--- DATA EXTRACTS ---
====

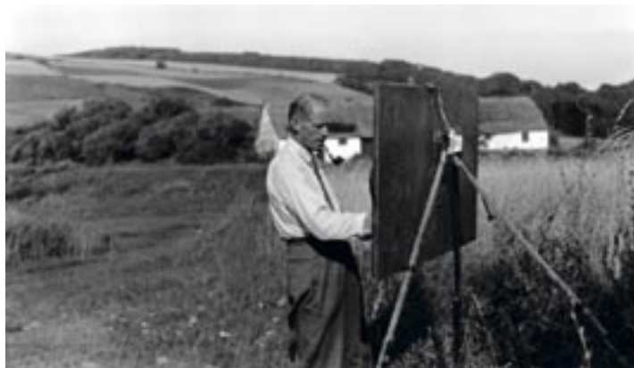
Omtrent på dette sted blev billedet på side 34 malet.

====

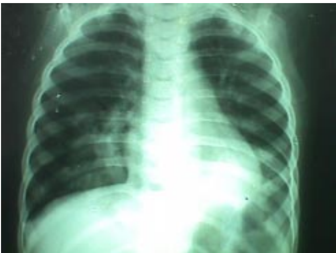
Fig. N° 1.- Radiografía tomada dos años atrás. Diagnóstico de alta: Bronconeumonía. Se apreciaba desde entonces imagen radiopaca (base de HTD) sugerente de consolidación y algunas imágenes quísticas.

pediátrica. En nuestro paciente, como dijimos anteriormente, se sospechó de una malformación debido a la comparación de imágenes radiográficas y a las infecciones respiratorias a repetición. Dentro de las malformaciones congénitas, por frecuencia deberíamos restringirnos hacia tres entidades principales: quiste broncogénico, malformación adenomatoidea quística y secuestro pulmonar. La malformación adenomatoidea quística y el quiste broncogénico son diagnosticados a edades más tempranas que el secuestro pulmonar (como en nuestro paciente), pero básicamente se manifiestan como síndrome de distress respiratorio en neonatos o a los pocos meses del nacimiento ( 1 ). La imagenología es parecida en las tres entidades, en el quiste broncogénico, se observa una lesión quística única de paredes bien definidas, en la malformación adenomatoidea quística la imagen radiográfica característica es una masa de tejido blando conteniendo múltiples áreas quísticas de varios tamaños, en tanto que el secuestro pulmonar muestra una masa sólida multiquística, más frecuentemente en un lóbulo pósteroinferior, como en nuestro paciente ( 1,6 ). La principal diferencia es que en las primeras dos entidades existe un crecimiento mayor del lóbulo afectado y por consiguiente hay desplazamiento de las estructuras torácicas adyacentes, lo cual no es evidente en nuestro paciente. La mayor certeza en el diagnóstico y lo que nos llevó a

====

--- WHAT IS REQUIRED ---
Please tally the lines of the listing that include the string "imágenes". The number is the whole answer.

--- SOLUTION TO THE EXERCISE ---
2